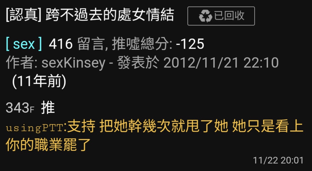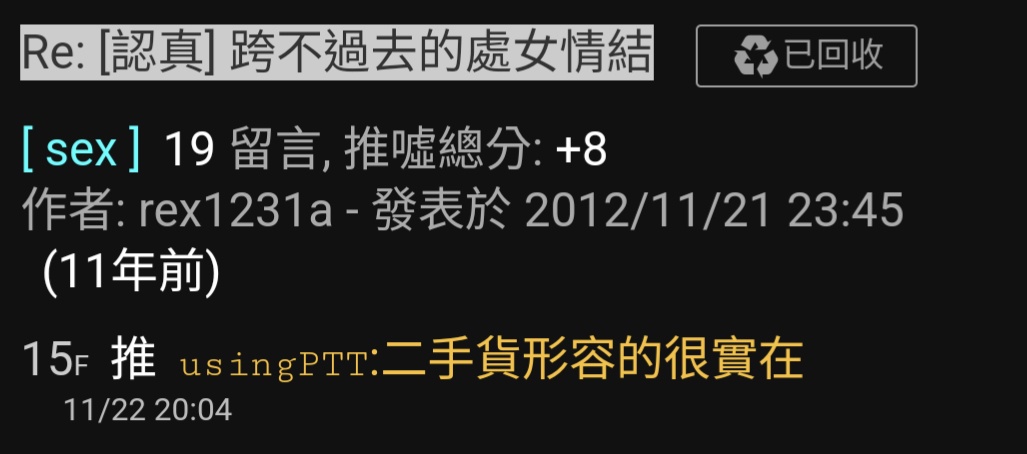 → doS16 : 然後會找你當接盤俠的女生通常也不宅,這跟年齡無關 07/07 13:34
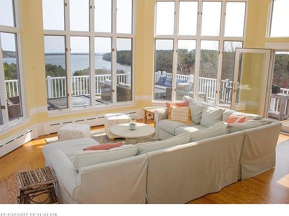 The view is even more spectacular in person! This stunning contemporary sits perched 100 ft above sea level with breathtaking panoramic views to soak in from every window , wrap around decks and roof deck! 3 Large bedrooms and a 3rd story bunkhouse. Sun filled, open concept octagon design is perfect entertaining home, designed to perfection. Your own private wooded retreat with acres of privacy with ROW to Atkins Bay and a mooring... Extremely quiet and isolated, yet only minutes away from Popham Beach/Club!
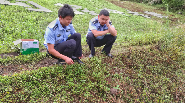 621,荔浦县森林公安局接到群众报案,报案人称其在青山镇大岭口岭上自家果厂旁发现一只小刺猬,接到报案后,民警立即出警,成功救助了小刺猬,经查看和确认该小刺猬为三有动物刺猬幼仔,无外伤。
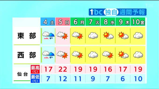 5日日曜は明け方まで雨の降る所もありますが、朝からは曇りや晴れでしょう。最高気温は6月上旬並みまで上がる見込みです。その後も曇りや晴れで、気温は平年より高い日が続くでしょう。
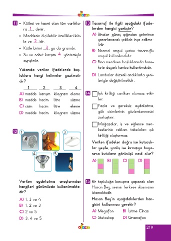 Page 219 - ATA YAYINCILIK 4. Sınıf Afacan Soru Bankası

---

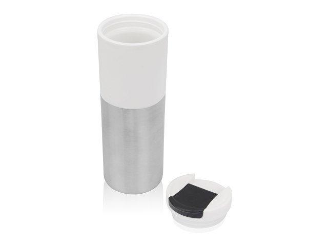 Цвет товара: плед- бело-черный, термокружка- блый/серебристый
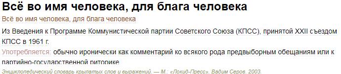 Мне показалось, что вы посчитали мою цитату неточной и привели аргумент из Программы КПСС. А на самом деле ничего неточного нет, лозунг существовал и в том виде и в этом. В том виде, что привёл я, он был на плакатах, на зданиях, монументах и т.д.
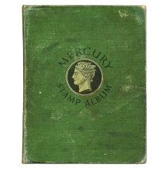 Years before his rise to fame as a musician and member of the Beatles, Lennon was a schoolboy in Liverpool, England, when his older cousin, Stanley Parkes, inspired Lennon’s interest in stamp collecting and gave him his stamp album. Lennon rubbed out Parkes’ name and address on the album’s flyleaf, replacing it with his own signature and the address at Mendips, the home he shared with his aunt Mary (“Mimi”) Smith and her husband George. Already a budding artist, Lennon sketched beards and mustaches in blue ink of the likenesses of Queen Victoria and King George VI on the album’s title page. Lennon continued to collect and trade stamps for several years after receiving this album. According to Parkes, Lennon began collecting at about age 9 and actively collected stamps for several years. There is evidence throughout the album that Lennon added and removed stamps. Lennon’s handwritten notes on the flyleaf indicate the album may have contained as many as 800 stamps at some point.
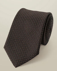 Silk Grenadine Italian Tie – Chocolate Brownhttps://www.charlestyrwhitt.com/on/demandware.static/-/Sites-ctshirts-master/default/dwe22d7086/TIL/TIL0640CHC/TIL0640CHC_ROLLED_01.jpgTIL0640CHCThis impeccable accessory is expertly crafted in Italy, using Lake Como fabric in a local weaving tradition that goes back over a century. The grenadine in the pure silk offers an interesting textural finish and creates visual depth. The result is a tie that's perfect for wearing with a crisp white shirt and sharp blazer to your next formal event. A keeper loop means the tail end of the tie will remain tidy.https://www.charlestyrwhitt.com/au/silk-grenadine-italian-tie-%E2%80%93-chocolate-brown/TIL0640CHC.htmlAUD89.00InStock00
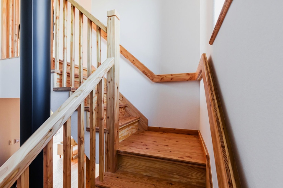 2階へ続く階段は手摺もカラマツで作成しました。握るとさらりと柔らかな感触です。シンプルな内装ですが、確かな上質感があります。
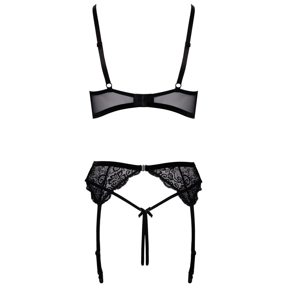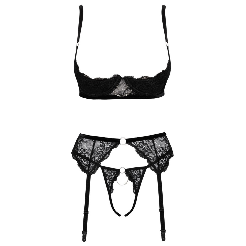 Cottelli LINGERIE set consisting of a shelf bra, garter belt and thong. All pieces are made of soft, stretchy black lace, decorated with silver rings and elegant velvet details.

▶ [ACTIVITY]
All lines above starting at the one with "2階へ続く階段は手摺もカラマ" and ending at the one with "Cottelli LINGERIE set", inclusive, are to be printed again exactly, with the pictures left out.

▶ [ANSWER TO THIS EXERCISE]
 2階へ続く階段は手摺もカラマツで作成しました。握るとさらりと柔らかな感触です。シンプルな内装ですが、確かな上質感があります。
 Cottelli LINGERIE set consisting of a shelf bra, garter belt and thong. All pieces are made of soft, stretchy black lace, decorated with silver rings and elegant velvet details.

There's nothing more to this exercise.